Let’s check the full correlation matrix of all estimators and the corresponding medians:

	t-test	chi-sq	OLS	paired t-test	paired avg t-test	mixed effects	fixed effects
t-test	1	0.9996	1	0.9746	0.9721	0.9748	0.9749
chi-sq		1	0.9996	0.9686	0.9663	0.9687	0.9689
OLS			1	0.9746	0.9721	0.9748	0.9749
paired t-test				1	0.9956	0.9995	0.9995
paired avg t-test					1	0.9954	0.9954
mixed effects						1	1
fixed effects							1

We see that:

t-test is very similar to chi-squared, and exactly equivalent to OLS. The latter is a fairly well known result from statistics.
Indeed, the correlation between paired t-test, mixed effects and fixed effects is near 1.

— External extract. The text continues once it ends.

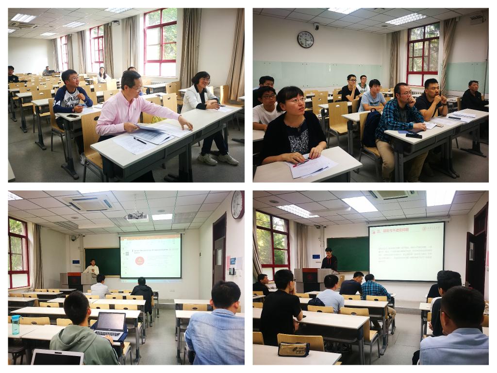 数试71高林溥汇报了自己在阅读《A First Course in Harmonic Analysis》著作后根据自己的理解用抽象调和分析的语言重新叙述了古典傅里叶分析的理论,完成了题为《现代调和分析基础》的报告;数试71王焰宇同学在阅读康威的知名著作《A Course in Operator Theory》后,重新梳理了盖尔福德关于交换Banach代数与其极大理想空间上的连续函数同构的基本理论,并对由单个正规算子所生成的C*代数和冯诺伊曼代数的结构进行了分类;数试81李知行同学向大家介绍了菲尔兹奖得主Jones的工作,核心内容为如何求一个扭结的琼斯多项式,以及他的若干性质和在当今数学、物理中的众多应用;数试81张笑言同学阅读了几何群论领域的相关文献,阐述了对于群的凯莱图和拟等距以及双曲空间的概念、性质和联系……指导教师对68名同学的选题、汇报一一点评,并在对指导专业知识学习的同时,对学生的学习态度、发展目标、刻苦努力、责任担当等成长成才方面积极引导,为后续小课题研究、毕业设计、人格养成等工作开展奠定基础。

Since in hypothesis testing we also care about the absolute levels rather than only correlations, we can also look at the median values for an estimator’s p-value distribution:

Estimator	Median p-value
t-test	0.0959
chi-sq	0.1104
OLS	0.0959
paired t-test	0.0266
paired avg t-test	0.031
mixed effects	0.0247
fixed effects	0.025

We see that:

Even though highly correlated, chi-squared test is worse than t-test in this case.
Even though paired t-test was slightly more sensitive when we were looking at the 5% threshold, based on the medians, mixed and fixed effects are better. However, the differences are very small, small enough to put down to implementation differences between the libraries, so we can indeed say that the methods are equivalent 🙂 Since paired t-test is easier to do, I’d recommend this approach.